Many oil companies want to expand or upgrade their current monitoring systems, but there’s no easy way to build out this expansion. It means shutting down the existing monitoring system and physically plug new pieces with wiring into the system. It’s expensive and dangerous—and requires permits, engineering hours, and rigorous checking.

For older systems, a slight twist in a wire may break the whole monitoring framework. Meaning you lost crucial engineering and production hours just to create a more expensive and dangerous problem.

Some platforms and onshore sites already have some type of monitoring in place, typically through a wired connection. These systems can be decades old though, and they may not measure everything you want to know.

Satellite Technology Changes Everything

The Nederlandse Aardolie Maatschappij (NAM) and Shell wanted a better way to monitor well integrity. In a joint project, the companies tested a new, satellite-connected solution on a well awaiting abandonment that was still connected to a pressure monitoring system.

The purpose of the test was to evaluate the speed and ease of installation, compare the output of the sensor to an existing wired measurement system, and evaluate the future possibilities of this approach.
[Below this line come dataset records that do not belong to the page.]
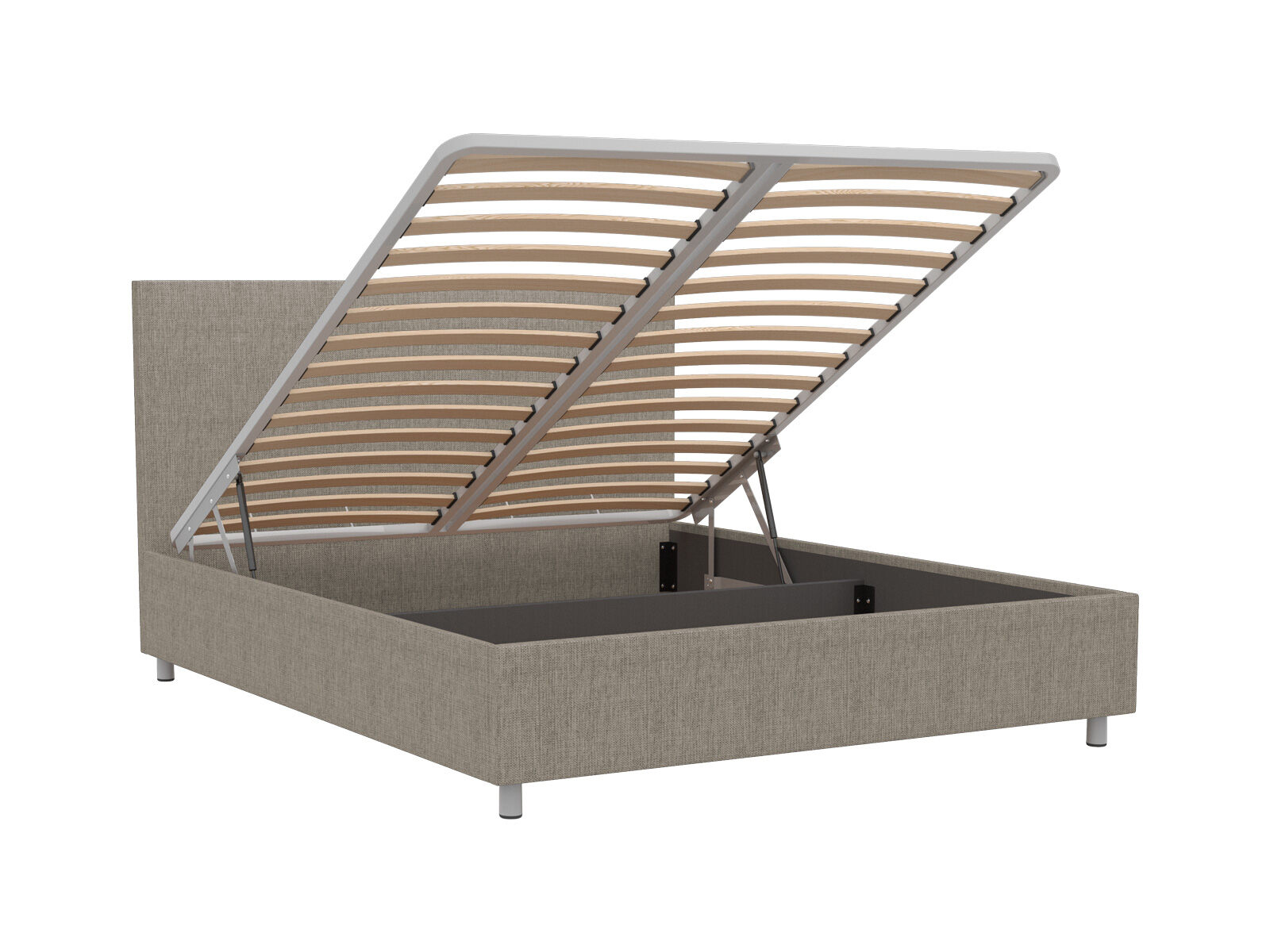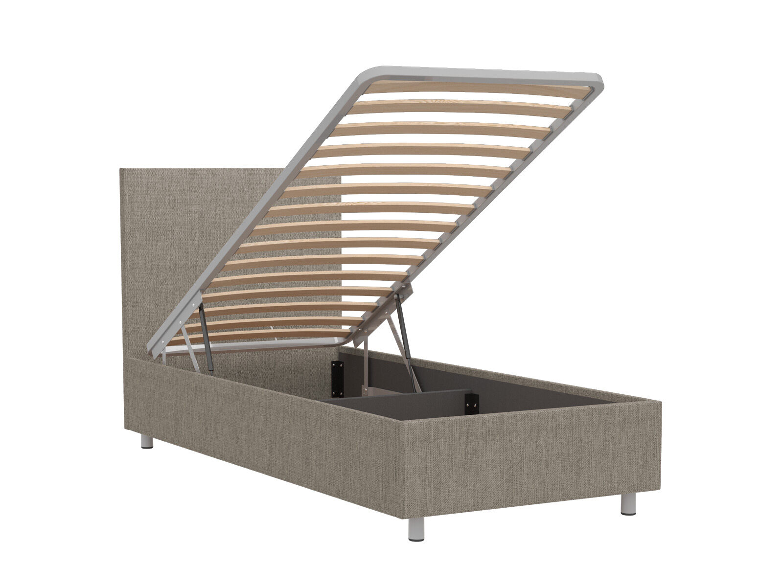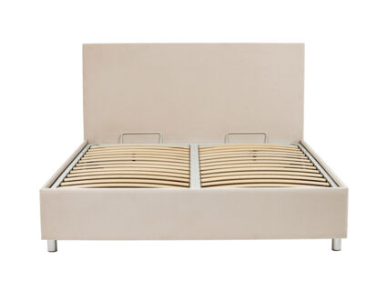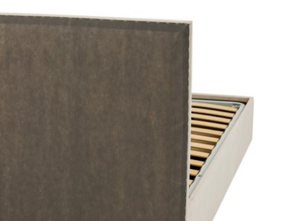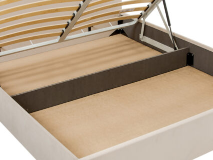 Кровать оснащена основанием с подъемным механизмом, под которым располагается бельевой ящик глубиной 16 см. Рекомендуемая высота матраса от 13 см, вес матраса до 50 кг. Чехлы на царгах несъемные. Высота/толщина царг: 28 см / 4 см (средняя), 2 см - (боковые).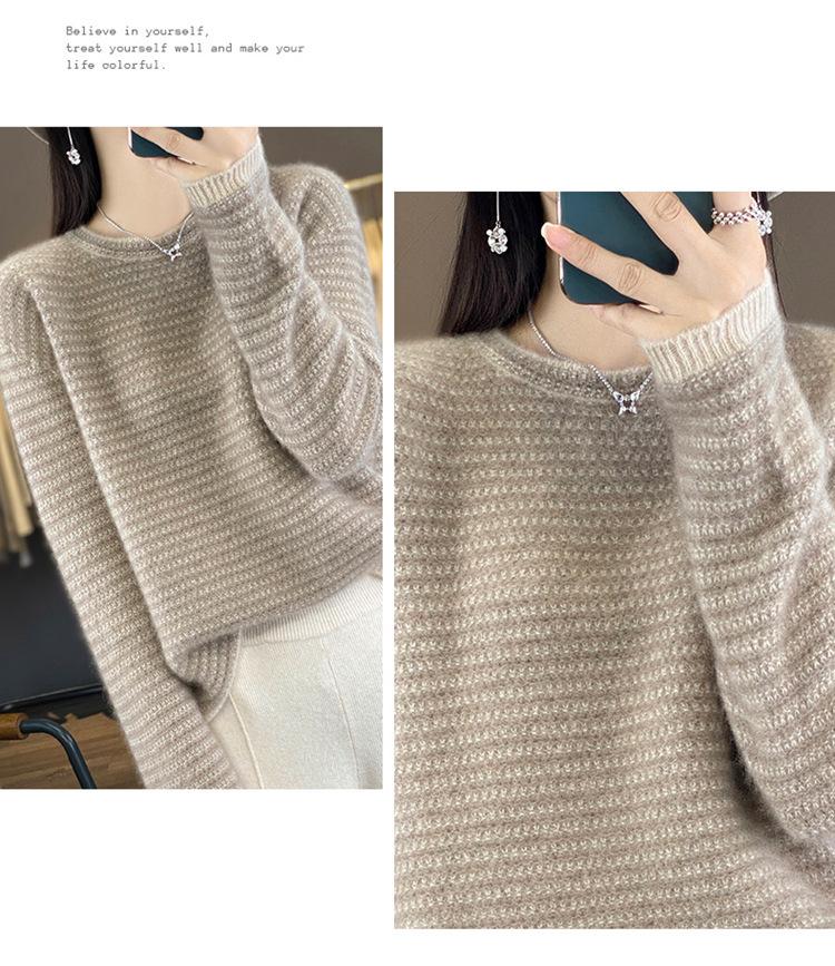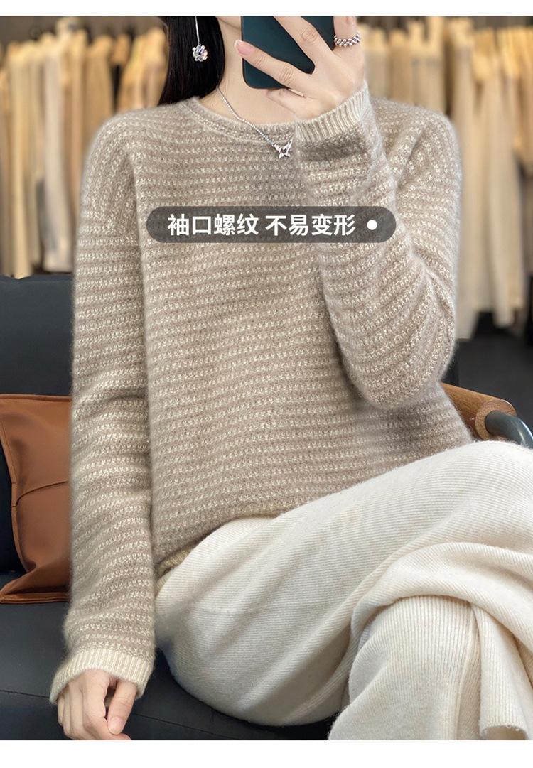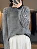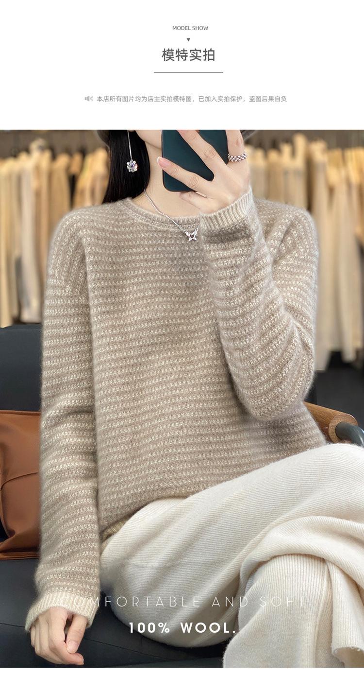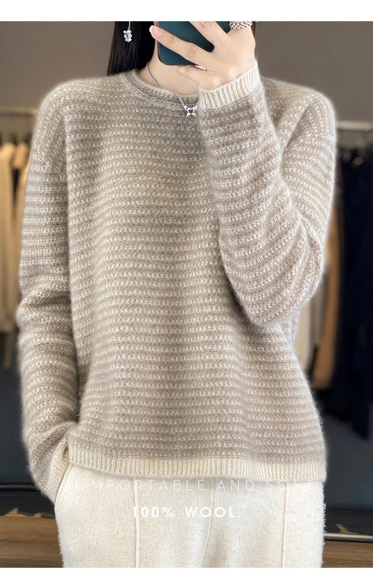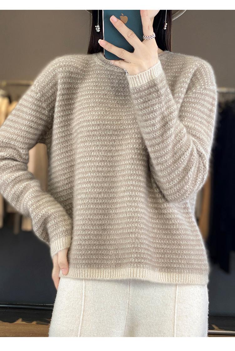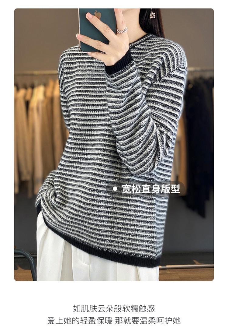 Suéter holgado de lana a rayas coreanas para mujer, otoño e invierno, diseño retro, cuello redondo, color block, 2023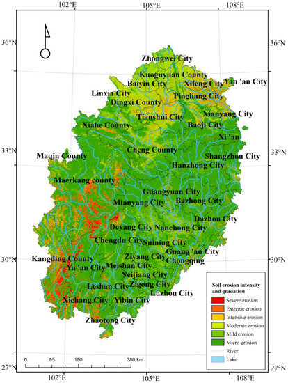 - Cheng, L.; Yang, Q.K.; Xie, H.X.; Wang, C.M.; Liu, W.L. GIS and CSLE Based Quantitative Assessment of Soil Erosion in Shaanxi, China. J. Soil Water Conserv. 2009, 23, 61–66. [Google Scholar] [CrossRef]
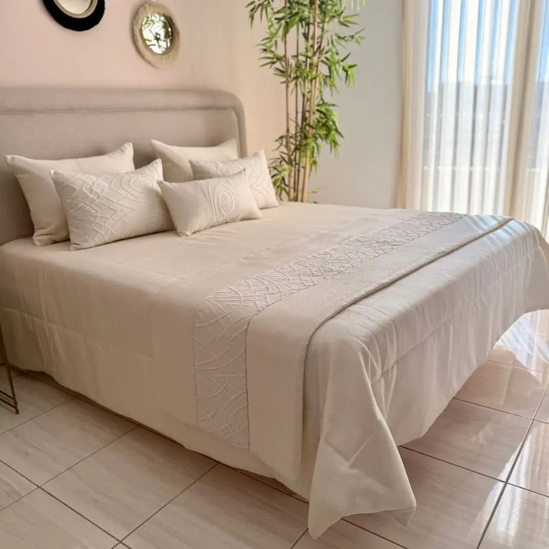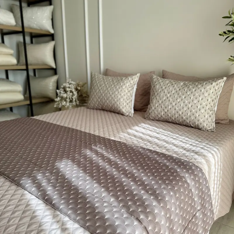 Couvre lit Automne Tunisie – Ensemble 7 pièces complet : couvre-lit, chemin de lit, 4 taies et coussin décoratif. Élégant, pratique et confortable pour toutes les saisons.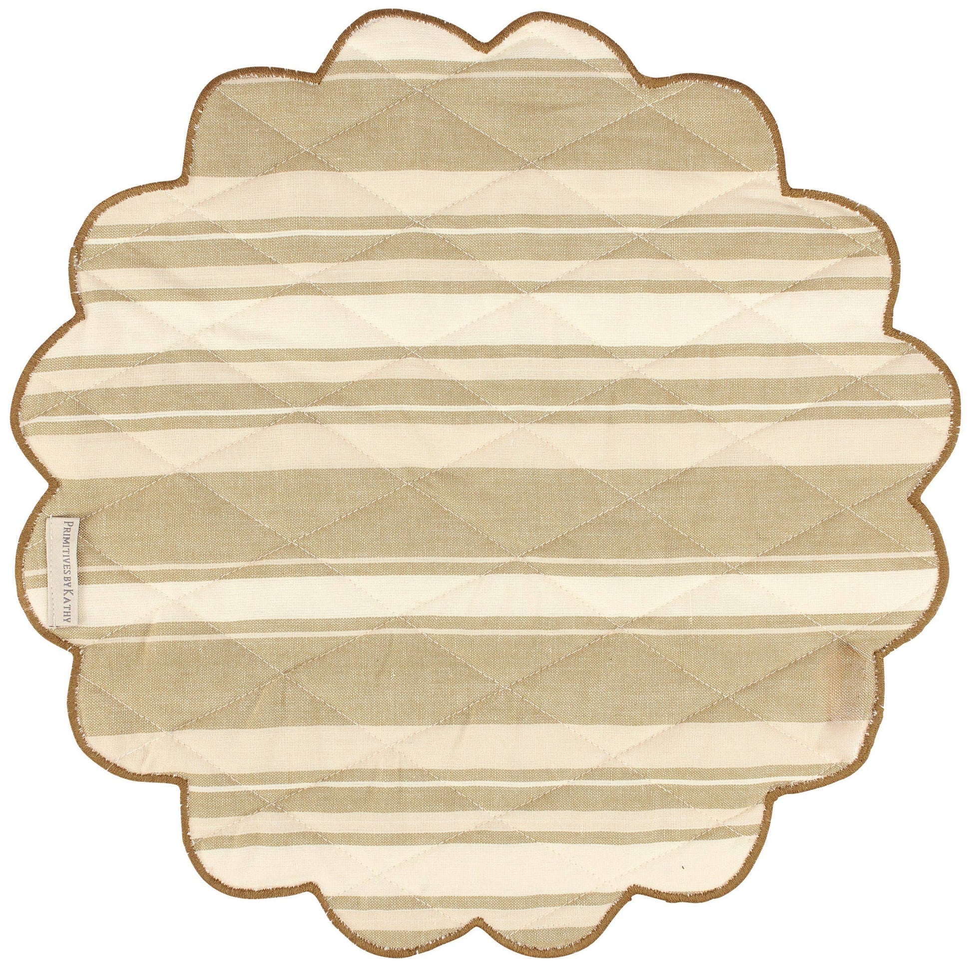 A double-sided cotton placemat from our Botanical Collection displaying a floral inspired vintage pattern in a tan color palette and coordinating tan and cream stripe pattern on the back with quilted details on both sides and scalloped edge made with tan thread. Our Tan Floral cotton placemat set is conveniently machine-washable for easy cleaning. A vintage tabletop accessory perfect for customizing everyday place settings.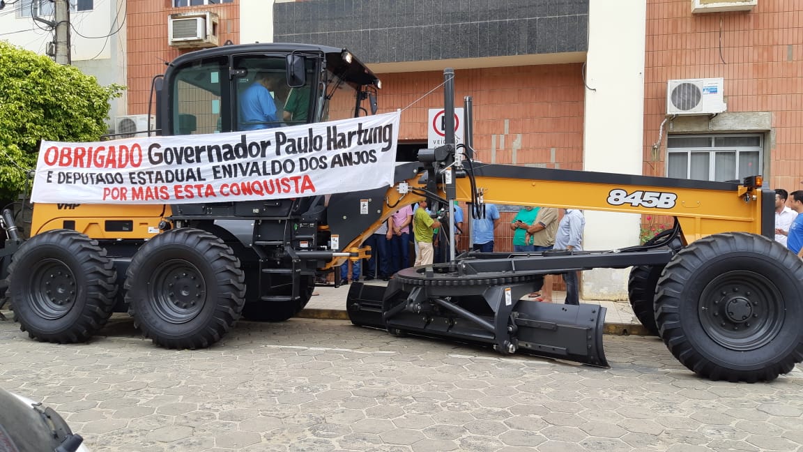 A motoniveladora, tipo patrol 0Km, foi conseguida pelo deputado estadual Enivaldo dos Anjos junto ao governador Paulo Hartung, atendendo também solicitação do prefeito Alencar Marim.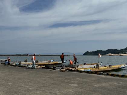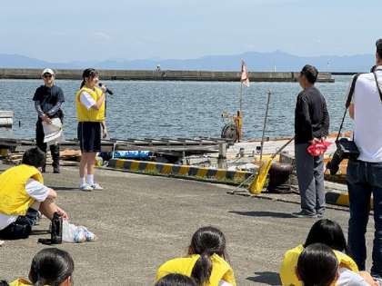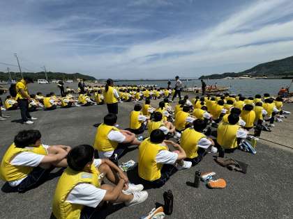 活動の前に操舵方法や安全面についてレクチャーを受け、ライフジャケットを着用して本番に向けて準備をしています。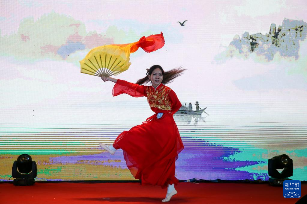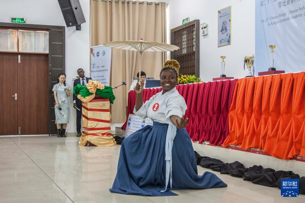 6月7日,一名學生在贊比亞盧薩卡舉行的“漢語橋”世界大學生中文比賽和世界中學生中文比賽中表演舞蹈。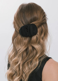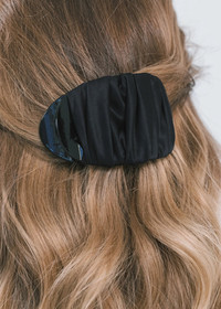 The Tasha Jaw Clip is an ultra-sophisticated update to the endlessly wearable jaw clip. Made by hand in New York, silk charmeuse is hand-draped over a flat claw clip. The claw clip sits flush to the head, making it comfortable to rest your head against a seat. Dimensions: 2 3/8in x 3 3/4in Material The Tasha Jaw Clip is made by hand in New York of hand-draped silk charmeuse, with a flat acrylic resin claw clip base. We recommend treating this clip as you would a piece of jewelry, and storing in the dust bag when not in use. Avoid contact with water, perfume, and other chemicals, including hairspray, which should be used before placement in the hair.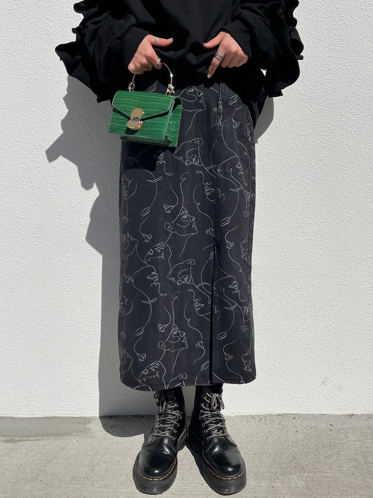 art slit denim skirt_LN0580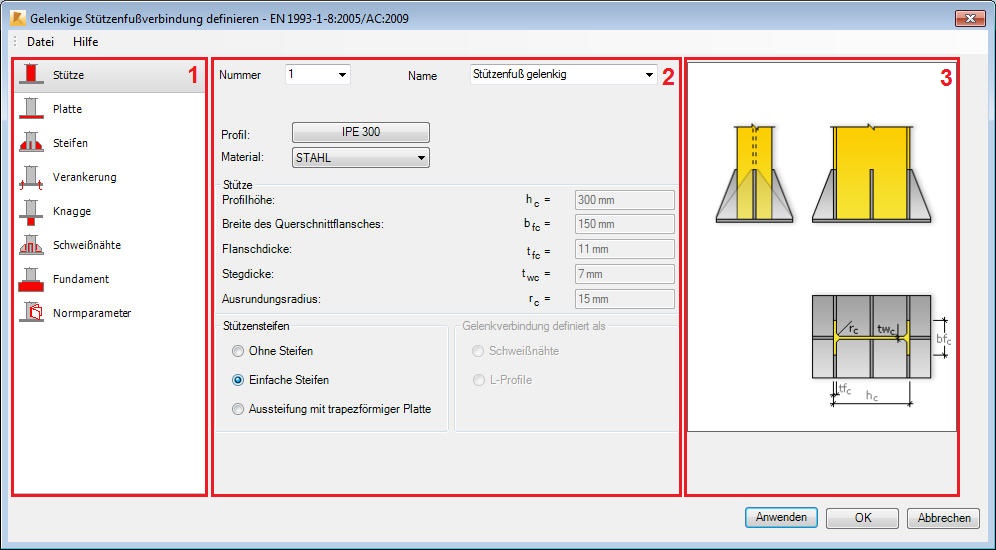 - In der Mitte definieren Sie die Parameter eines ausgewählten Elements der Stahlverbindung.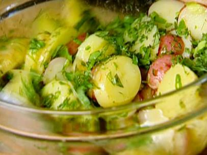 Combine the vinegar, mustard, 1/2 teaspoon salt, and 1/4 teaspoon pepper and slowly whisk in the olive oil to make an emulsion. Add the vinaigrette to the potatoes. Add the scallions, dill, parsley, basil, 1 1/2 teaspoons salt, and 1/2 teaspoon pepper and toss. Serve warm or at room temperature.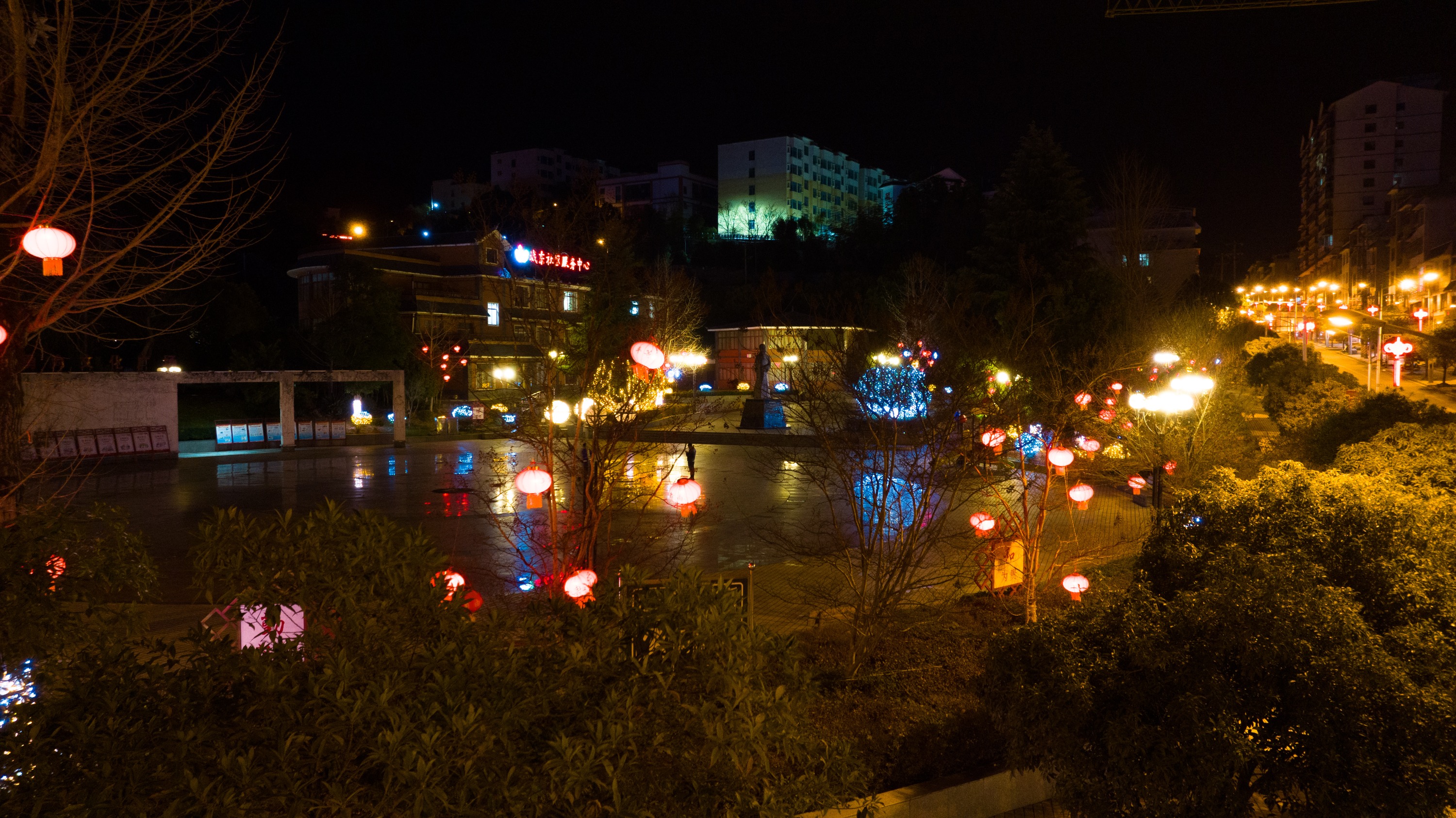 新春佳节,麻江县的大街小巷装扮一新,每当夜幕降临,城区的道路旁、树梢上、公园里、广场上都灯火璀璨、流光溢彩、五彩斑斓,犹如一幅缤纷画卷。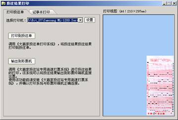 如果您的计算机安装了我公司的《赢彩投注站专用高速打票系统》,则可直接将投注结果输出到该系统中,使用更方便,打票更快捷。

Both companies wanted a system that was easy to install, easy to use, and easy to trust. Satellite connectivity met all three criteria.

First, the entire installation took less than three hours, with the sensors connecting to the satellites within 15 minutes. The installation was so fast that the engineers estimated they could have done another 15 installations in the same day, making this approach suitable even in remote areas.

How It Measured Up

After some optimization, 99.8% of the data collected at the wellhead was successfully pushed to the central server. Reliability is important, but so is accuracy. NAM and Shell specified that accuracy levels should be within a 10% range of control data provided by the wired system that was installed alongside.

In fact, the accuracy was astonishingly close, with the satellite sensor’s data deviating just 1.87% away from the control data, when compared on a 0-40 bar range. On average, the satellite data was 99.75% as accurate as that of the wired system, according to Shell and NAM.

Shell was so impressed with the satellite-based approach that they decided to move forward with a global framework agreement that lets subsidiary companies and entities transition to satellite IoT as fast as possible.